Bernstein likened Cooper to a designer who’s practically synonymous with the authentic Americana.

“He’s the new Ralph Lauren,” he said. “He has a real American aesthetic that still feels contemporary. He does the work-wear thing, but it’s still wearable. And he also has a masculinity, but it’s balanced.”

Barneys’ Decanali acknowledged the Ralph Lauren comparison but points to another Lauren, Ralph’s artist-turned-designer nephew.

“Another brand that comes to mind is Greg Lauren, who is sort of the champion of the DIY and rip-and-repair (aesthetic),” he said. “Greg has a little bit of a different sensibility, but it channels a lot of the same emotions.”

When asked about similar labels in his orbit, Cooper excitedly brandished his cellphone and pulled up a photo.

“When they put my clothes in Barneys’ Madison Avenue store, they put me right next to Double RL,” he said. “That was a cool thing for me, because that’s a brand that I’m very inspired by.”

With his expansion into women’s clothing, set to hit Barneys in September, Cooper said he’s experimenting with new silhouettes, fabrics and techniques — building out his world with hands-on DIY determination.

In the coming months and years, there’s a good chance you’ll hear Cooper’s name, but don’t expect to see it splashed across the front of his clothes. It’s something he takes great pains to avoid.

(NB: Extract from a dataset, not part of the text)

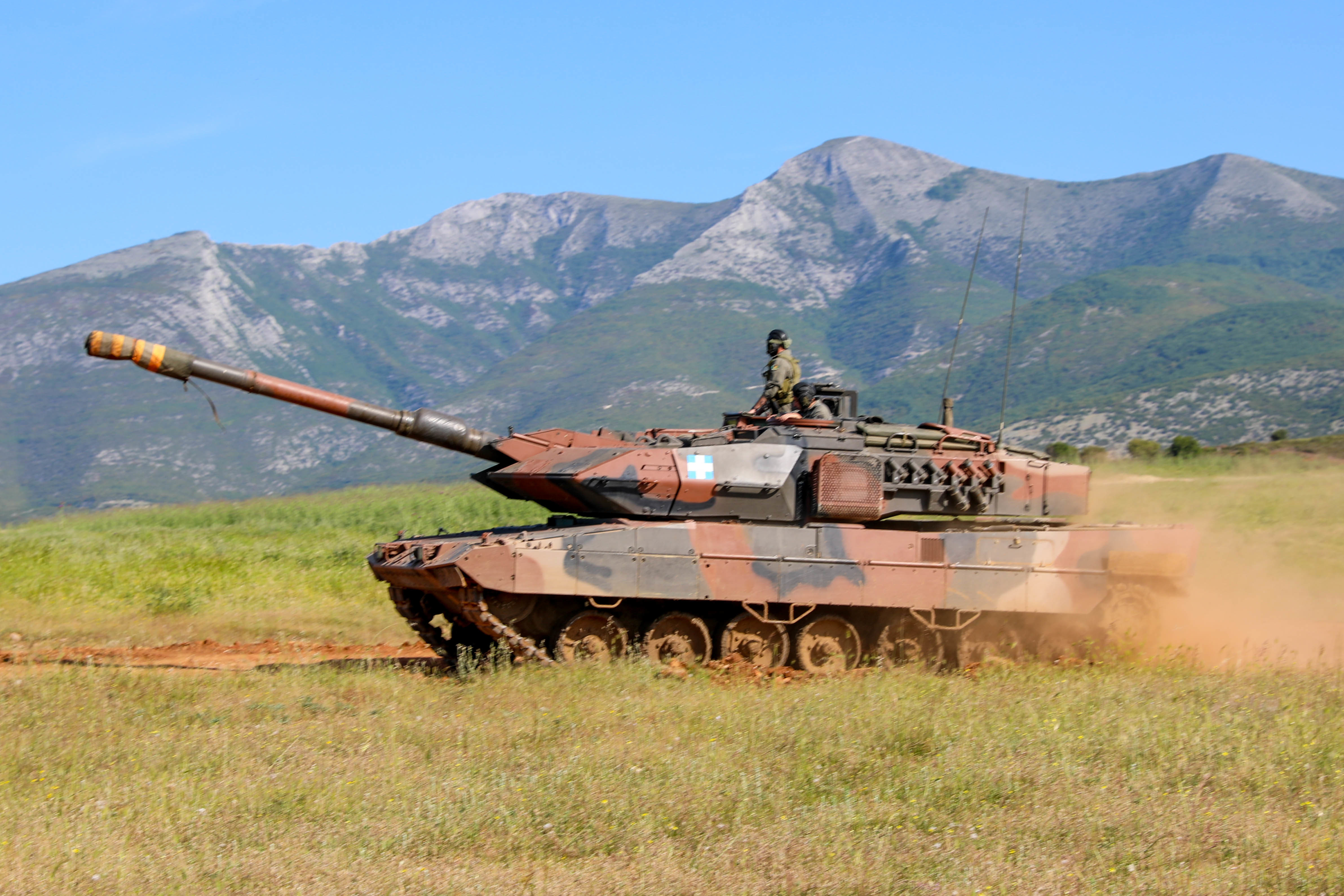 En 1998, la Grèce a organisé un concours pour déterminer le char de combat principal de l’armée hellénique. Le Leopard 2 Improved a réussi à surpasser le Challenger 2E, le Leclerc, le M1A2 Abrams, le T-80U et le T-84 et a été choisi par les officiels grecs. En mars 2003, la Grèce a commandé 170 chars Leopard 2, dont 140 ont été assemblés localement. La Grèce a également acheté 183 chars Leopard 2A4 et 150 chars Leopard 1.

“I’m not Calvin Klein. I have no interest in branding myself like that,” he said, referring to the designer name that graces underwear waistbands around the globe. “I’m cool to wear the name Carhartt, because it’s a hundred-year-old heritage brand. Obviously, I’m the person behind my label, but I don’t need to share it with the world. You don’t need to wear my name on your shirt. If people want that, it’ll happen in 50 years from now when I’m not in charge of it any more.”

Given the label’s early successes, not to mention his skill as a designer and storyteller, imagining Reese Cooper as a heritage brand circa 2069 isn’t the least bit unlikely.